In your copy of the data, include no pictures and alter nothing else.

Collection entries:
((
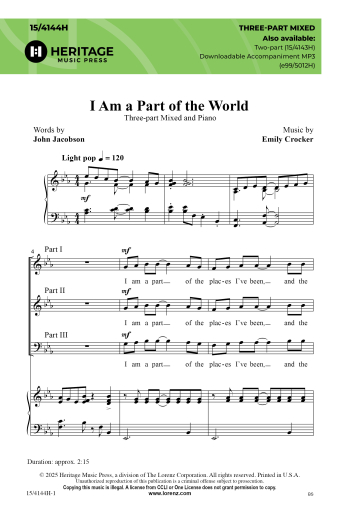 The iconic team of Emily Crocker and John Jacobson presents this vibrant song of unity for young choirs. The lyrics emphasize that we are shaped by the experiences we've had, the places we've been, and the people who surround us. With a light pop feel and catchy melody, this piece is perfect for choirs seeking an energetic, feel-good addition to their repertoire.
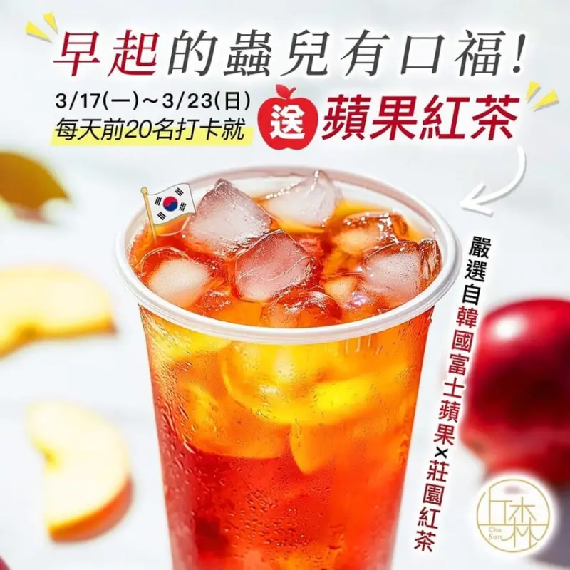 🍎 早起的蟲兒有口福!每天前20 名打卡就送蘋果紅茶! ✨
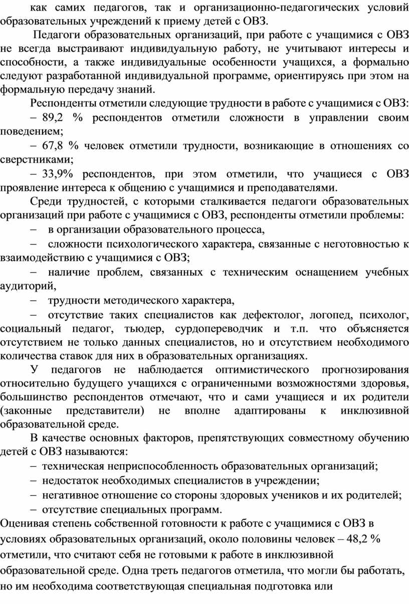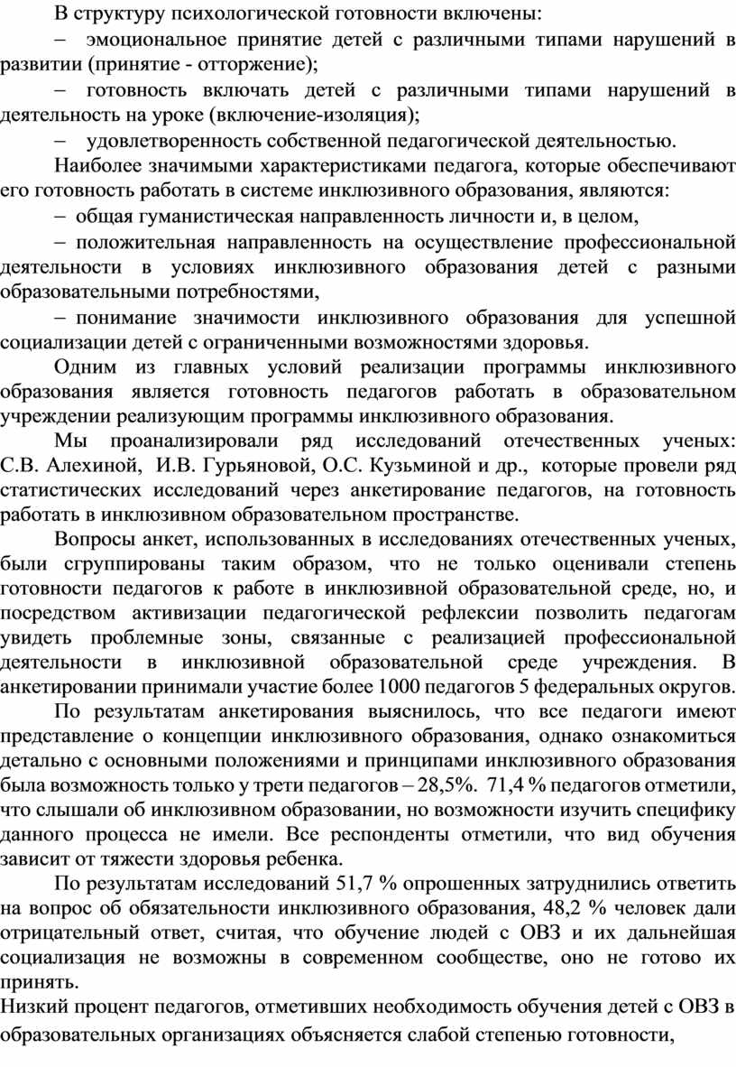 Мы проанализировали ряд исследований отечественных ученых: С.В. Алехиной, И.В. Гурьяновой, О.С. Кузьминой и др., которые провели ряд статистических исследований через анкетирование педагогов, на готовность работать в инклюзивном образовательном пространстве.
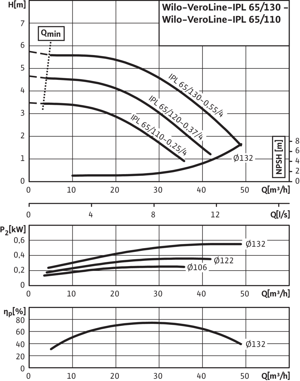 Насос с макс. диаметром рабочего колеса для определения MEIIPL65/130-0,55/4
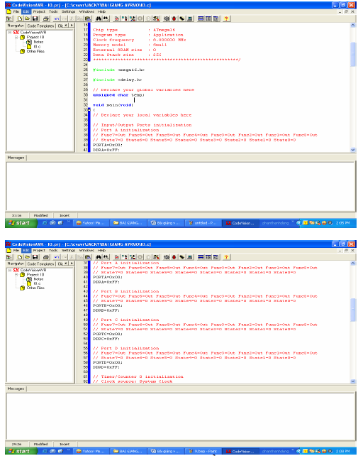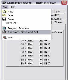 Các chân IO của AVR mặc định trạng thái IN, muốn chuyển thành trạng thái OUT để có thể đưa các mức logic ra ta click chuột vào các nút IN (mầu trắng) để nó chuyển thành OUT trong các Tab Port. Sau đó chọn File → Generate, Save and Exit.
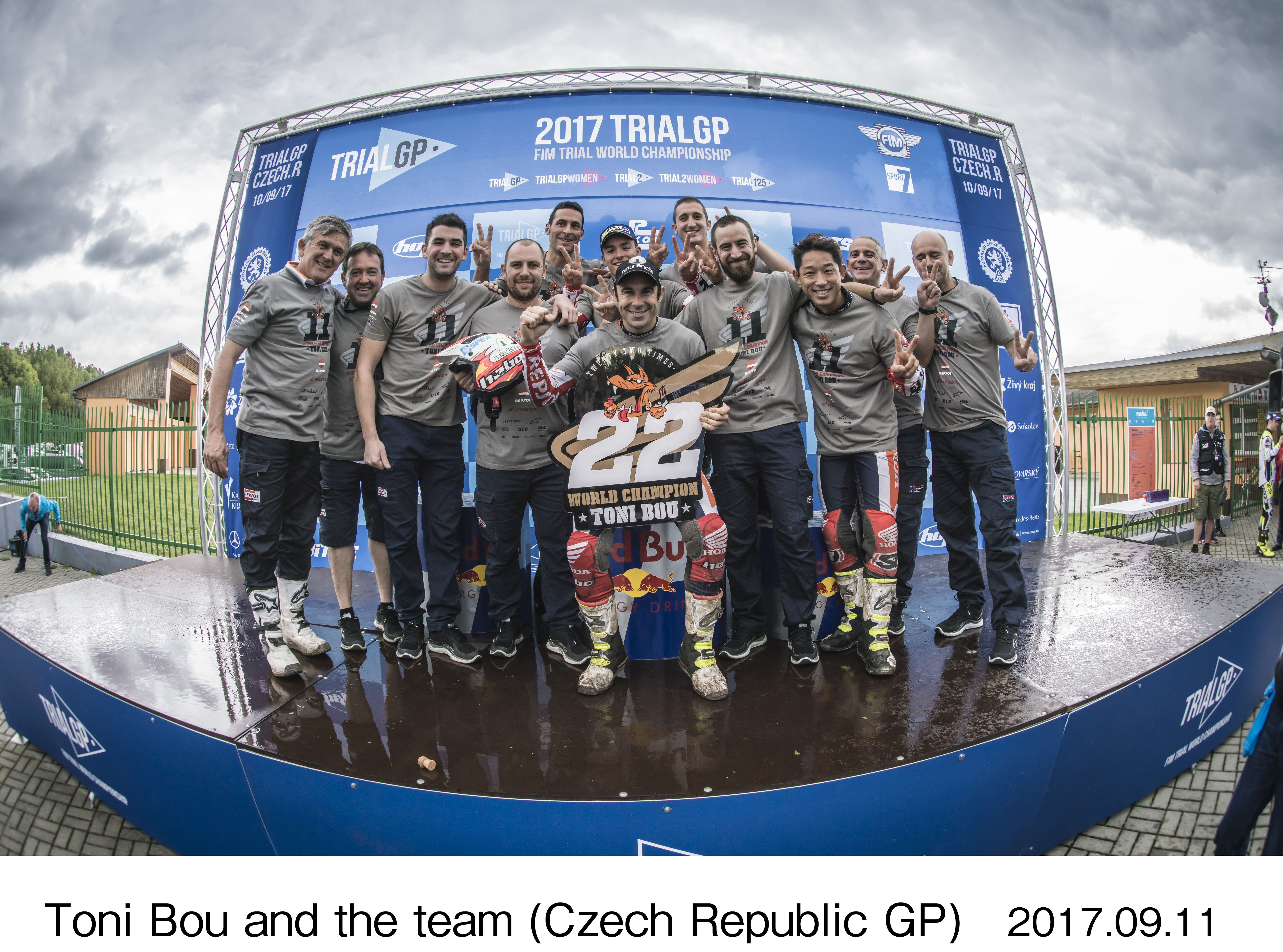 2017 FIM※トライアル世界選手権シリーズ第7戦チェコGP(9月10日開催)において、株式会社ホンダ・レーシング(以下HRC)の契約ライダーで、ワークスチームであるレプソル・ホンダ・チーム(Repsol Honda Team)のトニー・ボウが2位でゴールし、シリーズチャンピオンを決定するとともに、前人未到の11連覇を達成しました。
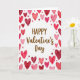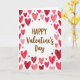 This cute greeting card features a bright white background with the message “HAPPY Valentine’s Day” centered in the middle. The words “HAPPY” and “Day” are shown in warm brown block letters, while “Valentine’s” is written in a flowing script that adds a gentle touch between them. Framing the message is a border of watercolor hearts in different sizes, creating a full and inviting look. The hearts range from deep red to soft pink, with visible brush strokes and slightly uneven edges that give them a hand-painted feel. The open space in the center keeps the message easy to read and draws attention to the heart frame. The card feels warm and caring, making it a lovely choice for a partner, close friend, or anyone you want to surprise with Valentine’s Day wishes ❤️💌🍫.
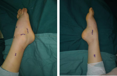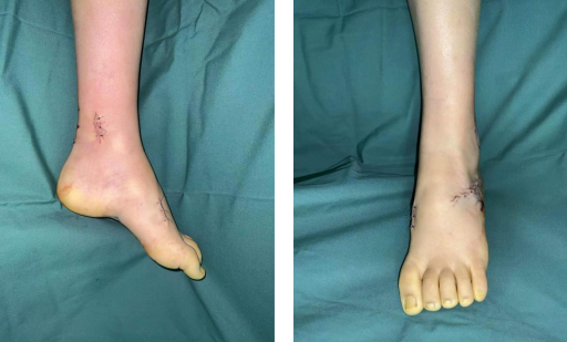 第二天,曹廣超手術(shù)團(tuán)隊(duì)為周周制定了個(gè)性化的手術(shù)方案,先為她進(jìn)行了“右馬蹄高弓內(nèi)翻足畸形矯正術(shù)”,術(shù)中進(jìn)行跟腱、跖筋膜松解延長(zhǎng),第1趾骨截骨內(nèi)固定,脛骨后肌轉(zhuǎn)位,腓骨長(zhǎng)肌松解延長(zhǎng),腓骨短肌加強(qiáng)等操作,手術(shù)順利。術(shù)后2個(gè)月,周周開(kāi)始進(jìn)行康復(fù)訓(xùn)練,等術(shù)后4個(gè)月時(shí)已經(jīng)能夠下地正常行走了。
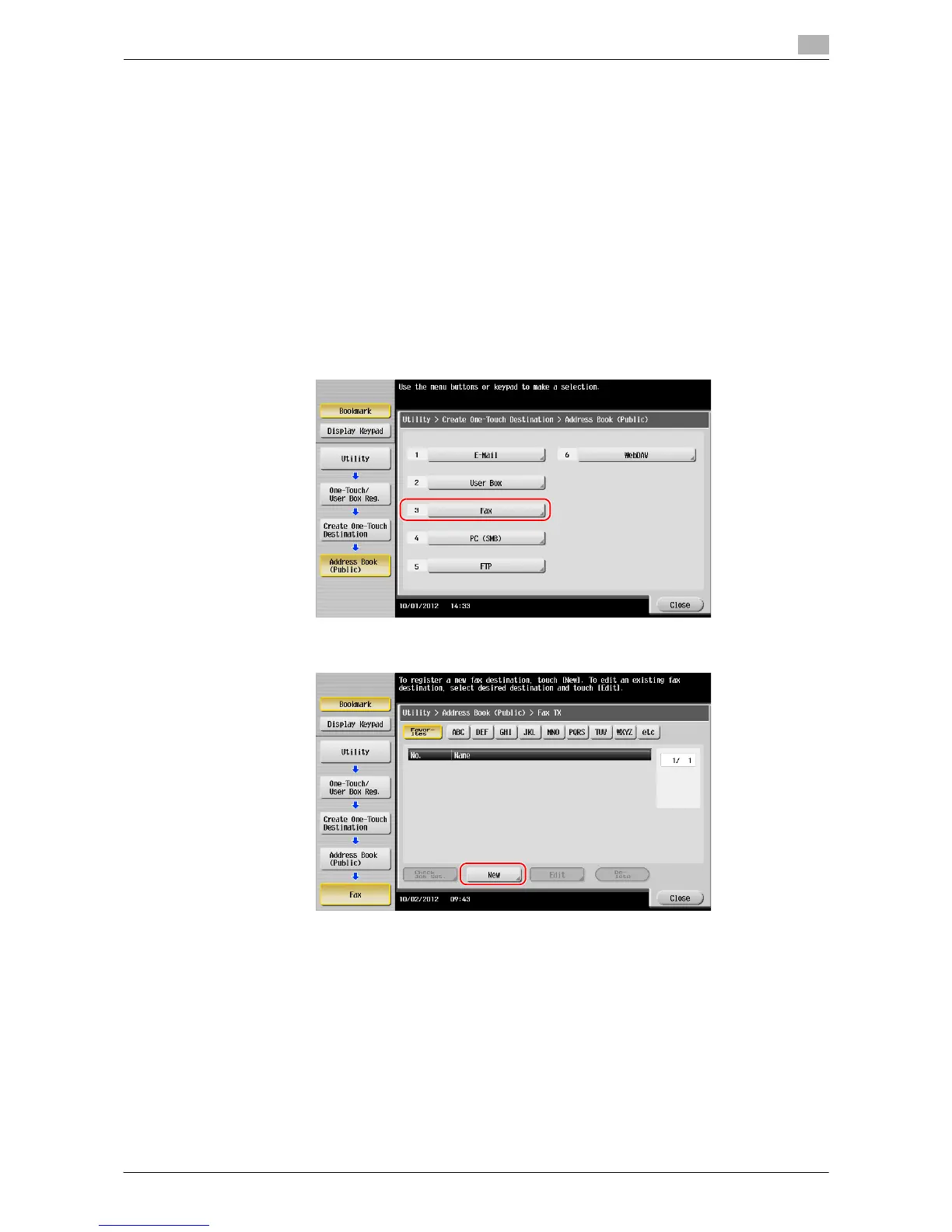 1 Tap [Utility], and select [One-Touch/ User Box Reg.] - [Create One-Touch Destination] - [Address Book
))
Problem solution
 The iconic team of Emily Crocker and John Jacobson presents this vibrant song of unity for young choirs. The lyrics emphasize that we are shaped by the experiences we've had, the places we've been, and the people who surround us. With a light pop feel and catchy melody, this piece is perfect for choirs seeking an energetic, feel-good addition to their repertoire.
 🍎 早起的蟲兒有口福!每天前20 名打卡就送蘋果紅茶! ✨
 Мы проанализировали ряд исследований отечественных ученых: С.В. Алехиной, И.В. Гурьяновой, О.С. Кузьминой и др., которые провели ряд статистических исследований через анкетирование педагогов, на готовность работать в инклюзивном образовательном пространстве.
 Насос с макс. диаметром рабочего колеса для определения MEIIPL65/130-0,55/4
 Các chân IO của AVR mặc định trạng thái IN, muốn chuyển thành trạng thái OUT để có thể đưa các mức logic ra ta click chuột vào các nút IN (mầu trắng) để nó chuyển thành OUT trong các Tab Port. Sau đó chọn File → Generate, Save and Exit.
 2017 FIM※トライアル世界選手権シリーズ第7戦チェコGP(9月10日開催)において、株式会社ホンダ・レーシング(以下HRC)の契約ライダーで、ワークスチームであるレプソル・ホンダ・チーム(Repsol Honda Team)のトニー・ボウが2位でゴールし、シリーズチャンピオンを決定するとともに、前人未到の11連覇を達成しました。
 This cute greeting card features a bright white background with the message “HAPPY Valentine’s Day” centered in the middle. The words “HAPPY” and “Day” are shown in warm brown block letters, while “Valentine’s” is written in a flowing script that adds a gentle touch between them. Framing the message is a border of watercolor hearts in different sizes, creating a full and inviting look. The hearts range from deep red to soft pink, with visible brush strokes and slightly uneven edges that give them a hand-painted feel. The open space in the center keeps the message easy to read and draws attention to the heart frame. The card feels warm and caring, making it a lovely choice for a partner, close friend, or anyone you want to surprise with Valentine’s Day wishes ❤️💌🍫.
 第二天,曹廣超手術(shù)團(tuán)隊(duì)為周周制定了個(gè)性化的手術(shù)方案,先為她進(jìn)行了“右馬蹄高弓內(nèi)翻足畸形矯正術(shù)”,術(shù)中進(jìn)行跟腱、跖筋膜松解延長(zhǎng),第1趾骨截骨內(nèi)固定,脛骨后肌轉(zhuǎn)位,腓骨長(zhǎng)肌松解延長(zhǎng),腓骨短肌加強(qiáng)等操作,手術(shù)順利。術(shù)后2個(gè)月,周周開(kāi)始進(jìn)行康復(fù)訓(xùn)練,等術(shù)后4個(gè)月時(shí)已經(jīng)能夠下地正常行走了。
 1 Tap [Utility], and select [One-Touch/ User Box Reg.] - [Create One-Touch Destination] - [Address Book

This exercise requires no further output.